Researchers had a hunch that the same CGG repeat mutation might cause three other rare diseases with similar symptoms and clinical test results. But since patients with those other diseases had normal X chromosomes, researchers had no idea where in the genome the potential CGG repeat mutations might exist.
High-tech scavenger hunt
Previous generations of DNA sequencing technology required researchers to know where in the genome to look for a mutation. Searching for CGG repeat mutations on all 46 chromosomes in the human genome was extremely difficult and laborious.
The new approach that researchers designed relies on modern next-generation genome sequencing and clever data analysis.
Researchers sequenced patients’ and healthy people’s entire genomes in short, overlapping but broken stretches. Collaborators, including Professor Shinichi Morishita, a computational biologist from the Department of Bioinformatics and Systems Biology, developed a new computer program to sort all of those short sequences and search for ones made of just CGG over and over again.
Using a standard sequence of the entire healthy human genome, the computer program could pin down those short segments containing CGG repeat mutations to particular genetic neighborhoods. Researchers narrowed down their search to anywhere in the genome where patients had a large number of CGG repeats and healthy people had none.
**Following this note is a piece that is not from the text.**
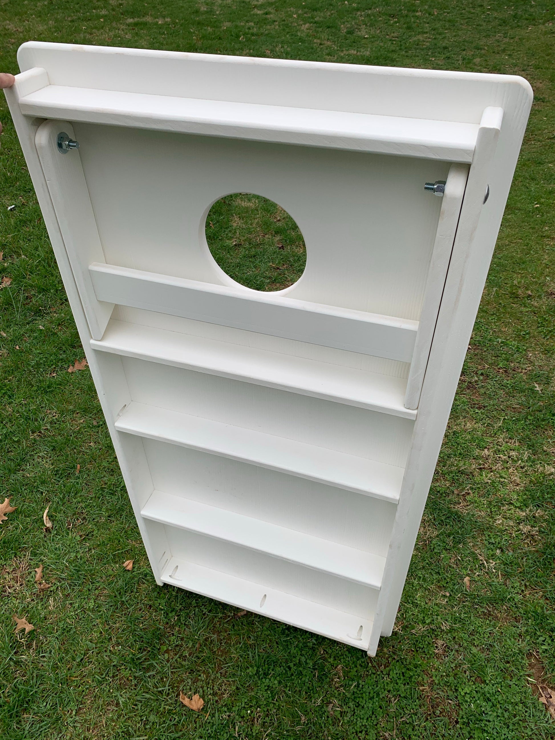 All Weather pro style cornhole boards. Made with solid white pvc tops and frames.

With that information, researchers then knew where to sequence a long stretch of DNA to specifically identify the gene and where in the gene the patients’ CGG repeat mutations exist.
Rare diseases share common symptoms
All four rare neurological diseases that the research team studied are caused by CGG repeat mutations in distant, seemingly unrelated areas of the genome.
One of the diseases is currently only known in a single family.
“We cared for this family starting 10 years ago, so it was a long puzzle for us to find the correct diagnosis,” said Ishiura.
Efforts are ongoing to study genomes identified through the genetic analysis of people who are healthy despite having the same CGG repeat mutations. Such cases are extremely rare.
The researchers hope that their studies on rare neurodegenerative diseases might lead to insights into more common diseases caused by other types of noncoding tandem repeat mutations, including amyotrophic lateral sclerosis (ALS), also known as motor neuron disease or Lou Gehrig’s disease.
About the Researcher
In 2011, Tsuji received the Japanese government’s Medal with Purple Ribbon for contributions to academic development in the field of intractable neurological diseases. In 2015, he was awarded the medal for scientific achievement by the World Federation of Neurology for his leadership in the field of neurogenetics.